# Information:
==========

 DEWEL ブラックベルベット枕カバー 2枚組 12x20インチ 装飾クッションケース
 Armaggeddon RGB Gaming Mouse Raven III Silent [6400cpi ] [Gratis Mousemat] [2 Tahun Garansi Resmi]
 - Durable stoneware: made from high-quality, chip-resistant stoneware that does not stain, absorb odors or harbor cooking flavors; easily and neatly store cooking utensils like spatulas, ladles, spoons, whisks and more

==========

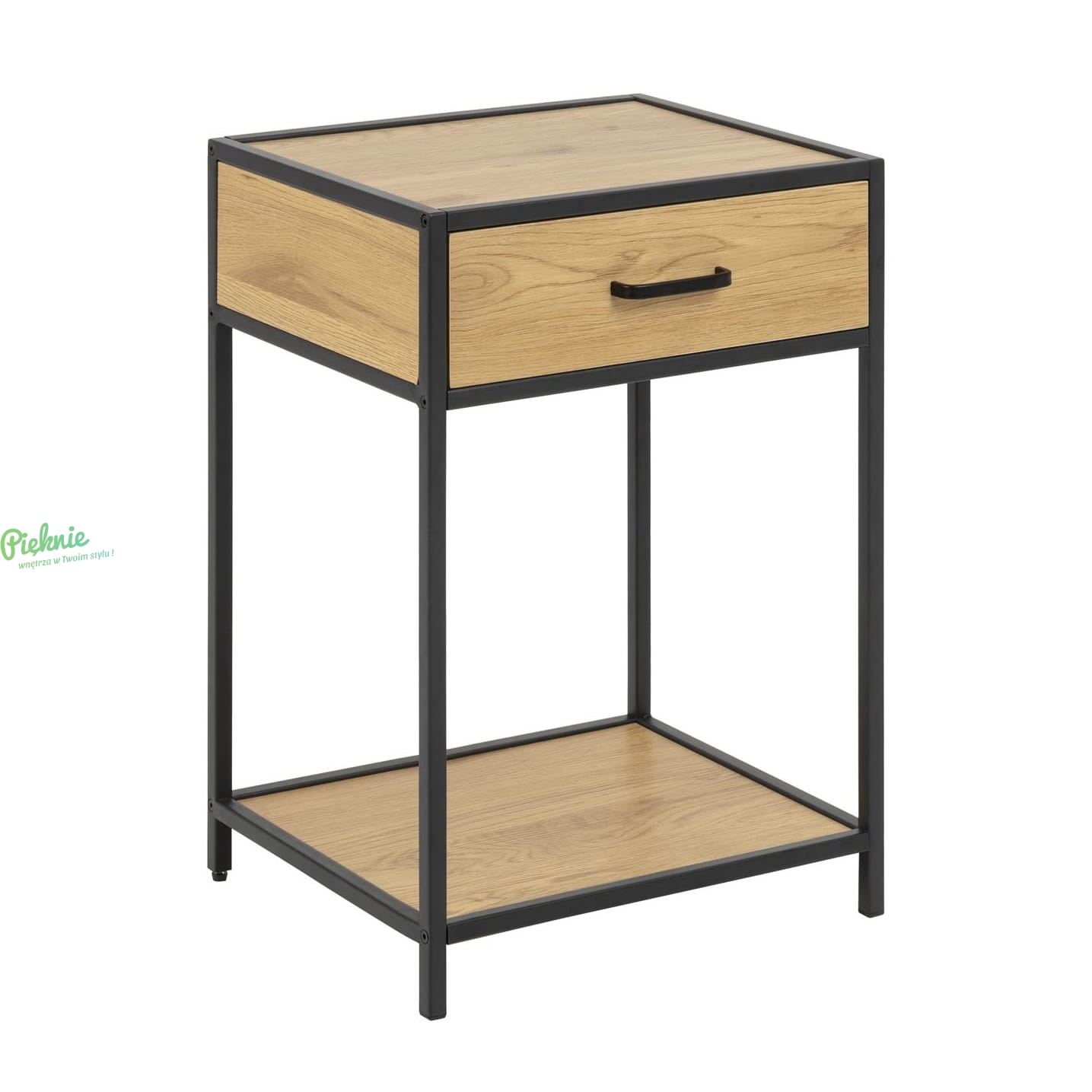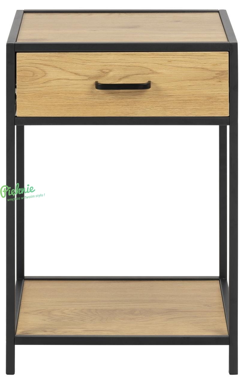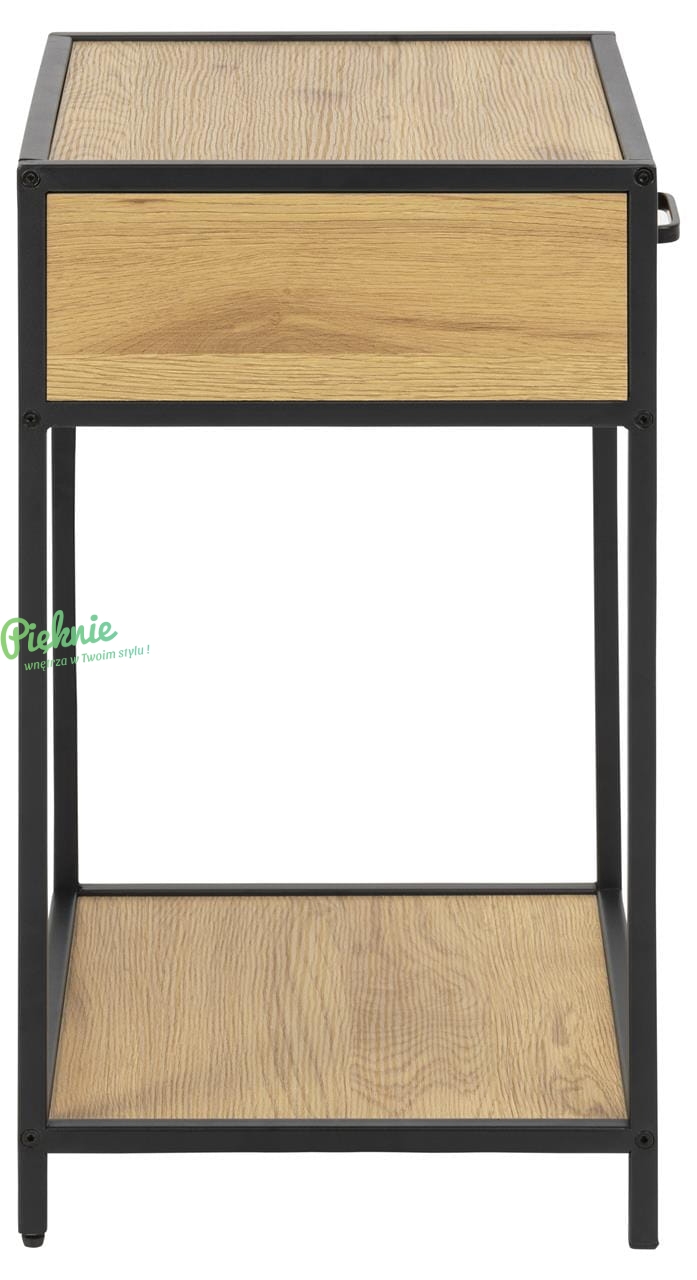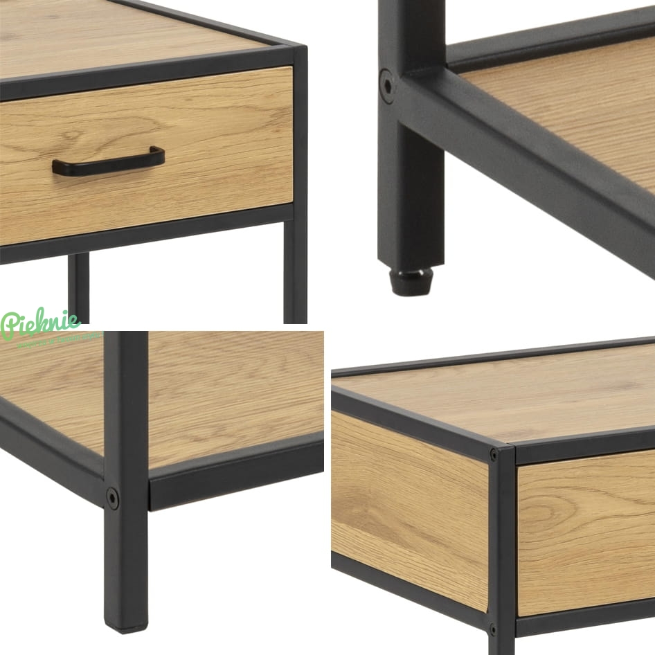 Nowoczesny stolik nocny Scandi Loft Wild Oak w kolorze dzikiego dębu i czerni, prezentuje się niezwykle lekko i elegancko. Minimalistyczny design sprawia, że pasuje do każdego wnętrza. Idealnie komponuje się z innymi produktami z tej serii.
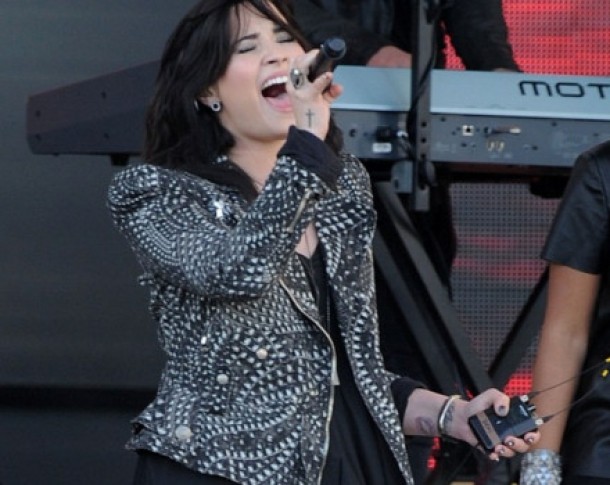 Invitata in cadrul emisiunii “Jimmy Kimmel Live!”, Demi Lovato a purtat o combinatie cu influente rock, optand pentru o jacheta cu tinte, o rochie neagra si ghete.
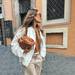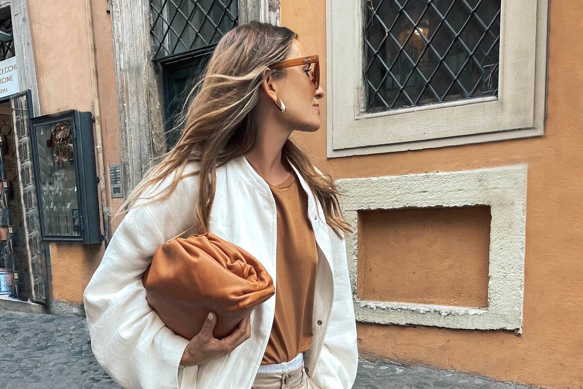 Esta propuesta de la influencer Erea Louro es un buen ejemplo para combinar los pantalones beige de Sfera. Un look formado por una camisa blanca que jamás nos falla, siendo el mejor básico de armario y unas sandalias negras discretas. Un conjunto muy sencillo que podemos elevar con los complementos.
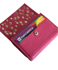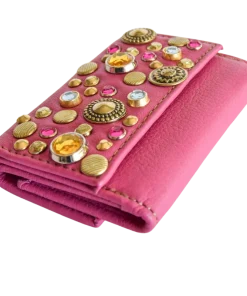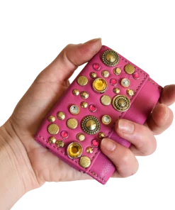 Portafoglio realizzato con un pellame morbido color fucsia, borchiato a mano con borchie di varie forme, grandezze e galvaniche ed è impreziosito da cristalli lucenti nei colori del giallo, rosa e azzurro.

==========

# What the task asks:
Copy the lines of the data above exactly as written, beginning with the line containing "Armaggeddon RGB Gaming" and ending with the line containing "- Durable stoneware: made", and leave out all other lines.

# Written answer:
 Armaggeddon RGB Gaming Mouse Raven III Silent [6400cpi ] [Gratis Mousemat] [2 Tahun Garansi Resmi]
 - Durable stoneware: made from high-quality, chip-resistant stoneware that does not stain, absorb odors or harbor cooking flavors; easily and neatly store cooking utensils like spatulas, ladles, spoons, whisks and more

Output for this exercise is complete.